- _Given information_:
*** Block opens ***

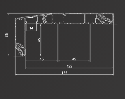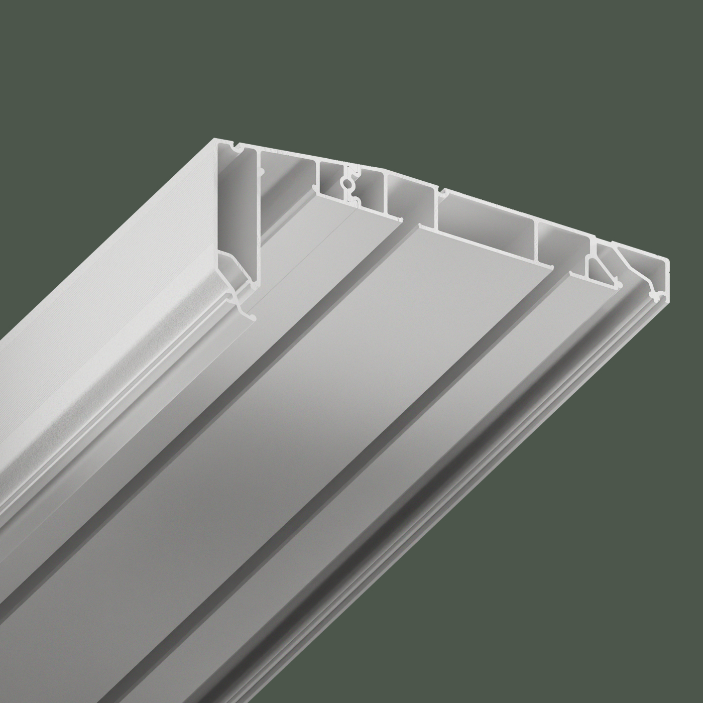 Профиль для изготовления скрытых карнизных ниш с двумя пазами под установку штор и тюля. Увеличенная глубина и расстояние между камерами 45 мм обеспечивают плавный и бесшумный ход бегунков. Пазы под гарпун закрываются PVC-вставкой.
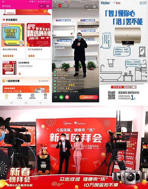 在长虹美菱举办的“线上直播+微信秒杀”活动上,据称一次卖出了6000台冰箱和洗衣机。海信空调则举办“第一届粉丝直播节”,由海信集团中国区营销总部副总裁王宏伟亲自出镜,参与用户砍价,据称直播有超过78万人参与。惠而浦则在新春团拜会之余,还接连不断地直播来演示自家洗衣机等,与直播带货口红的方式相似。
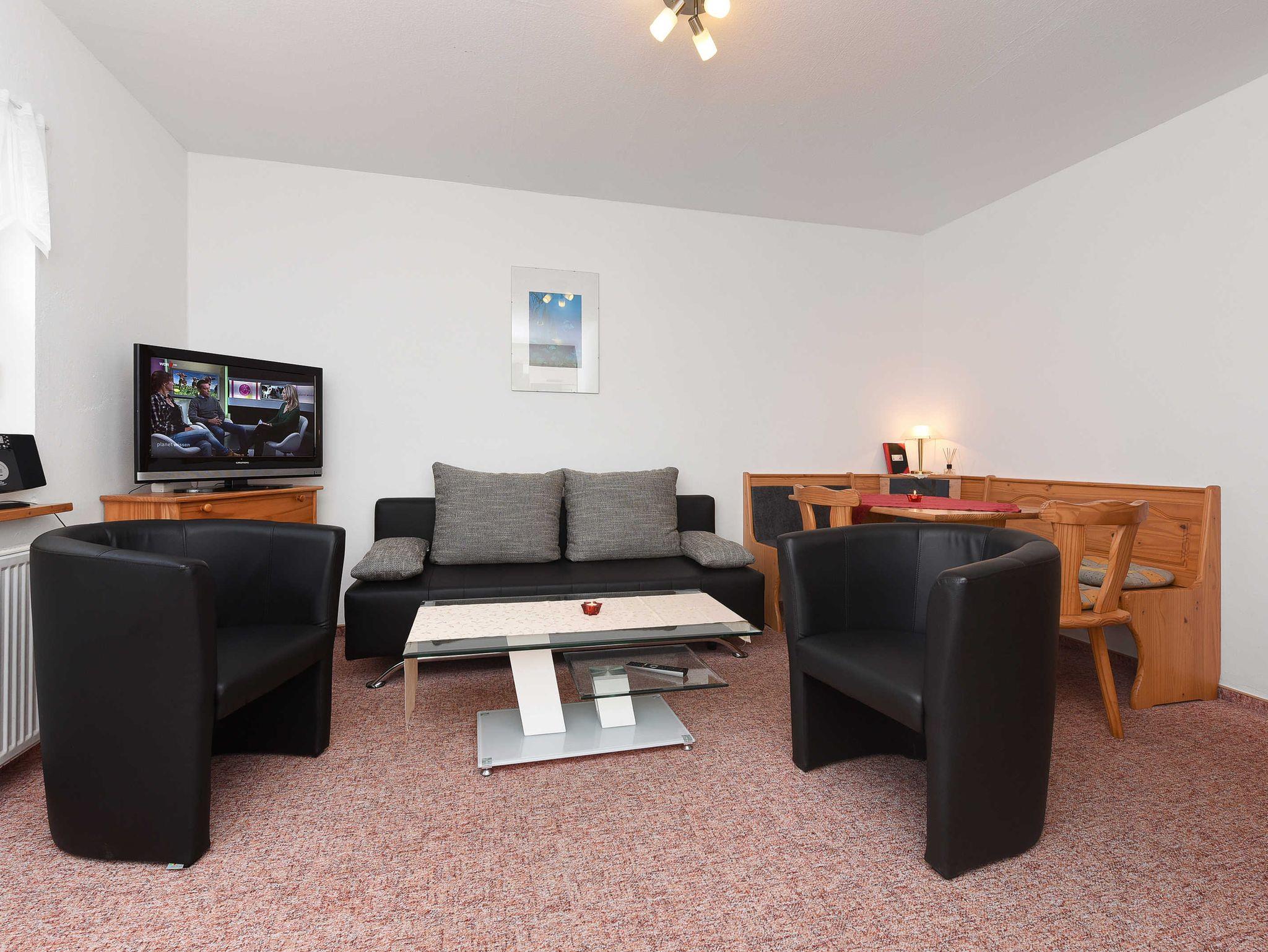 Unsere Gäste wohnen in gemütlichen und gut ausgestatteten Ferienwohnungen für ein bis drei Personen oder ein bis zwei Personen nebst zusätzlichem Kleinkind. Schöne große Außen-Terrassen und ein großer und gemütlicher Gemeinschaftsraum mit großem Fernseher runden das Angebot ab.

*** Block closes ***

- _Work task_: When repeating the listing, keep each line exact and exclude the pictures.

- _Reply to the exercise_:
 Профиль для изготовления скрытых карнизных ниш с двумя пазами под установку штор и тюля. Увеличенная глубина и расстояние между камерами 45 мм обеспечивают плавный и бесшумный ход бегунков. Пазы под гарпун закрываются PVC-вставкой.
 在长虹美菱举办的“线上直播+微信秒杀”活动上,据称一次卖出了6000台冰箱和洗衣机。海信空调则举办“第一届粉丝直播节”,由海信集团中国区营销总部副总裁王宏伟亲自出镜,参与用户砍价,据称直播有超过78万人参与。惠而浦则在新春团拜会之余,还接连不断地直播来演示自家洗衣机等,与直播带货口红的方式相似。
 Unsere Gäste wohnen in gemütlichen und gut ausgestatteten Ferienwohnungen für ein bis drei Personen oder ein bis zwei Personen nebst zusätzlichem Kleinkind. Schöne große Außen-Terrassen und ein großer und gemütlicher Gemeinschaftsraum mit großem Fernseher runden das Angebot ab.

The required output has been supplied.